* _Exercise objective_: Drop the pictures and repeat the remaining data exactly.

* _Input data_:
[Start of section]

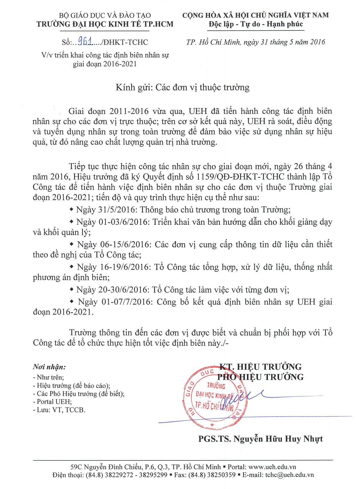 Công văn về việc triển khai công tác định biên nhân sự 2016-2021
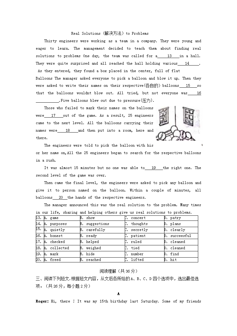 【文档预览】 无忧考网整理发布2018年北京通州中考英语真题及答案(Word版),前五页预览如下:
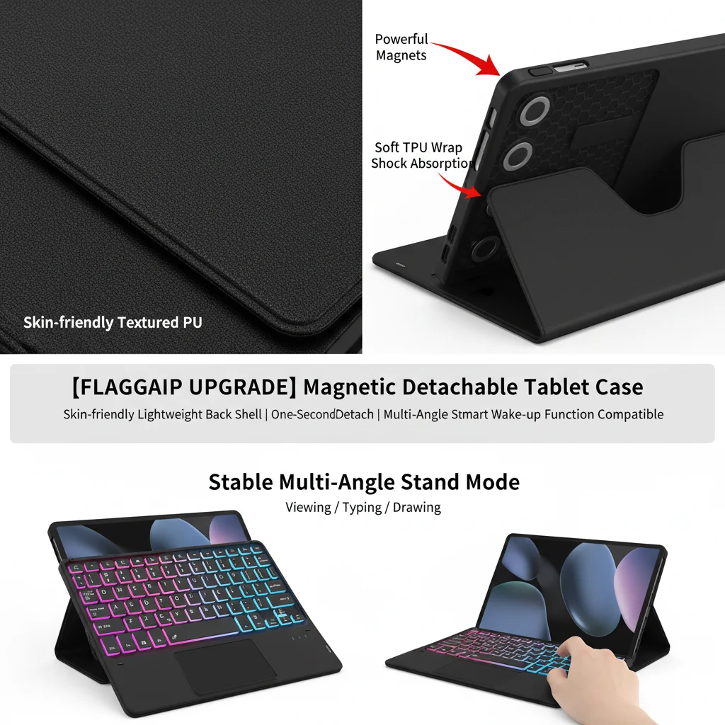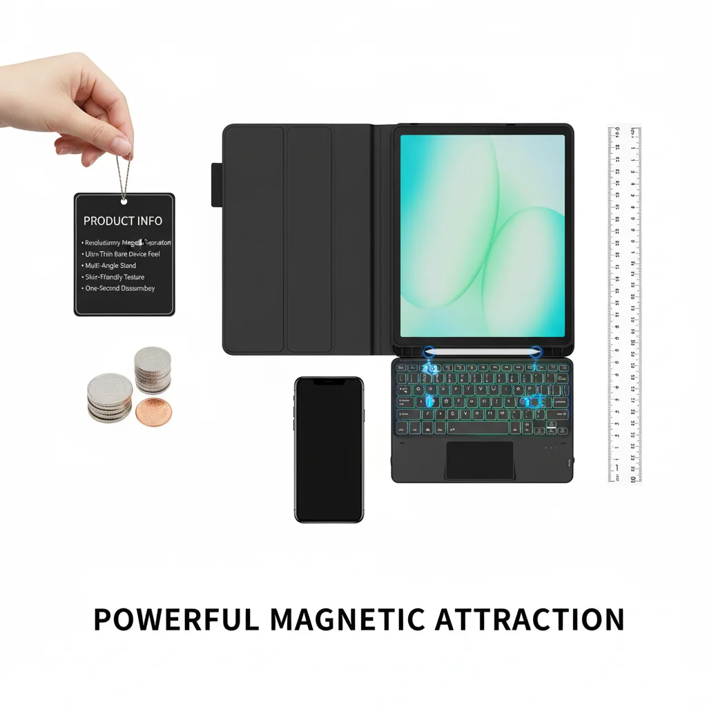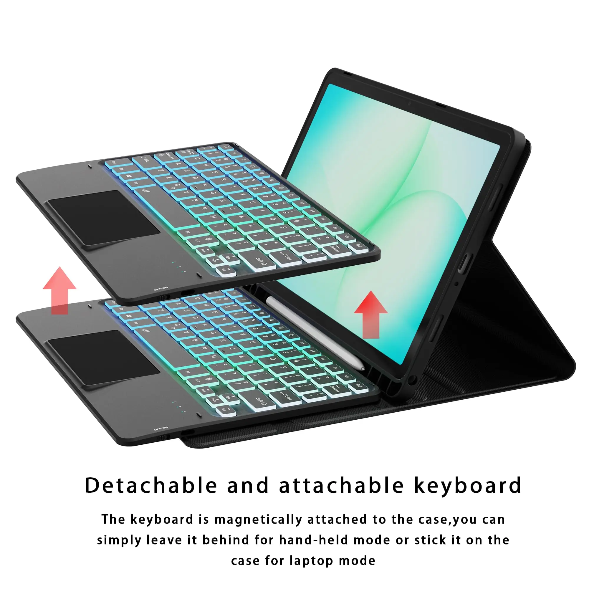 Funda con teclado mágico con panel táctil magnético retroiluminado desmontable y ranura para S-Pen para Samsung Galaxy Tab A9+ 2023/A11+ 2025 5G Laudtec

[End of section]

* _Answer to the problem_:
 Công văn về việc triển khai công tác định biên nhân sự 2016-2021
 【文档预览】 无忧考网整理发布2018年北京通州中考英语真题及答案(Word版),前五页预览如下:
 Funda con teclado mágico con panel táctil magnético retroiluminado desmontable y ranura para S-Pen para Samsung Galaxy Tab A9+ 2023/A11+ 2025 5G Laudtec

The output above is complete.